A military appeals panel on Monday legally validated the Hebron Jewish community’s purchase in 2012 of a three-story building across from the Cave of the Patriarchs, known as Beit Hamachpela.

But families could only move into the building if Defense Minister Moshe Ya’alon authorizes the purchase and gives them permission to do so.

Coalition chairman MK Yariv Levin (Likud) immediately called on Ya’alon to allow Jews to move into the home.

“They bought this house justly in the city of our forefathers,” Levin said at the Likud faction meeting in the Knesset on Monday. “We will continue to contribute to Jewish settlement in Hebron.”

On April 4, 2012, on the eve of Passover, the IDF forcibly evicted settlers from the three-story structure. A week earlier, about 15 families moved into the home, and then presented the IDF and politicians with documents showing they had purchased the property in a deal that took three years to complete.

The PA has since jailed and sentenced to death the Palestinian who sold them the property, according to Hebron resident MK Orit Struck (Bayit Yehudi).

At the time, the Civil Administration of Judea and Samaria had said that on the surface, the documents looked authentic, but the issue was more the absence of a purchase permit.
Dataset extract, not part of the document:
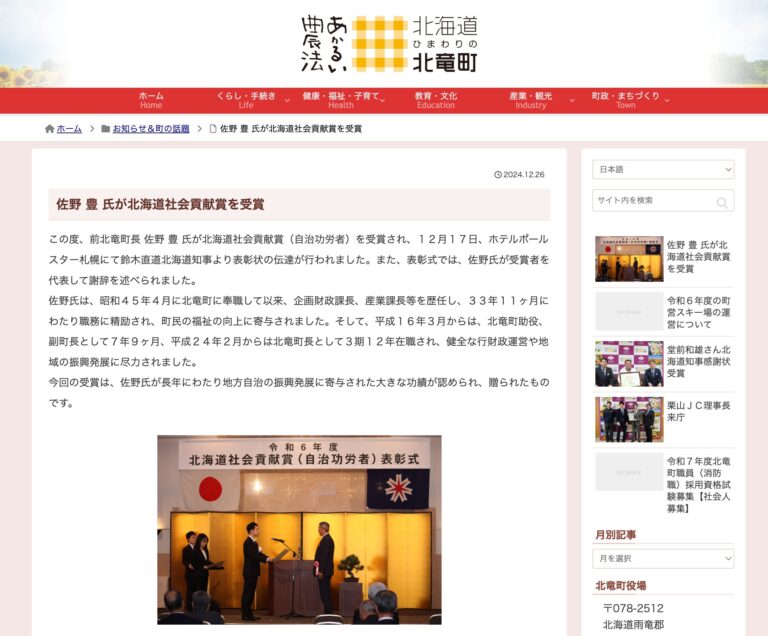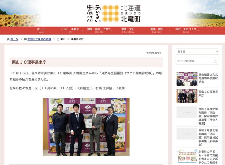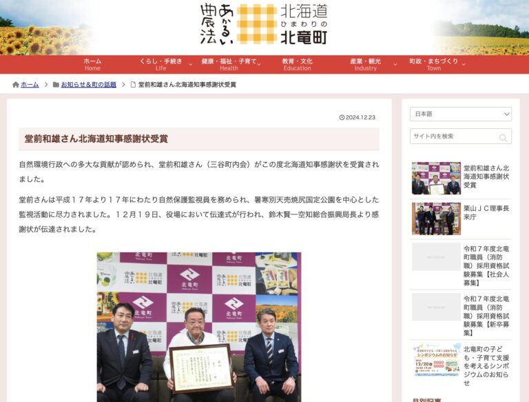 2024年12月26日(木) 北海道新聞社(札幌市)が運営するインターネットサイト【北海道新聞デジタル】に、「教育長選任(25日)▽空知管内北竜町 田中佳樹氏(68)新(岩見沢市教育委員)」の記事(1 […]

Security sources had also said they were concerned about the building’s location in an otherwise Palestinian neighborhood in a section of the city under Israeli military control.

Palestinians also live in a small section of the building, which was not purchased by the settlers.

It abuts a Palestinian school and borders the area of the city under the Palestinian Authority’s jurisdiction.

The portion of the building purchased by settlers has been boarded up for more than a year, but an Israeli flag has continued to fly there. In a recent visit to the city, The Jerusalem Post noted a Palestinian flag flying from a nearby building.

Struck said the military judicial panel’s decision was a “serious indictment against those who decided to evacuate the home.” The building’s evacuation, she said, was unprofessional, unfair, and had no basis in fact.

“It is very sad that someone decided to throw Jews out of the homes because they were Jews,” she said. “Then they wrapped it in legal cellophane claiming that they acted for judicial reasons.”

Struck said she was hopeful Ya’alon would authorize the building’s habitation by Jews.

Prior to the evacuation, she said, Ya’alon visited the building and said that the families should be allowed to remain there.

Monday’s decision marks the second time in the past few years a military court has authenticated the Jewish purchase of Palestinian property in Hebron.

In 2012, the Jerusalem Magistrate’s Court validated the purchase of a three-story structure on the outskirts of the city, known as Beit Hashalom. Following the verdict, former defense minister Ehud Barak approved the sale and its habitation by Jews. But the building remains empty pending an appeal by the initial Palestinian owners.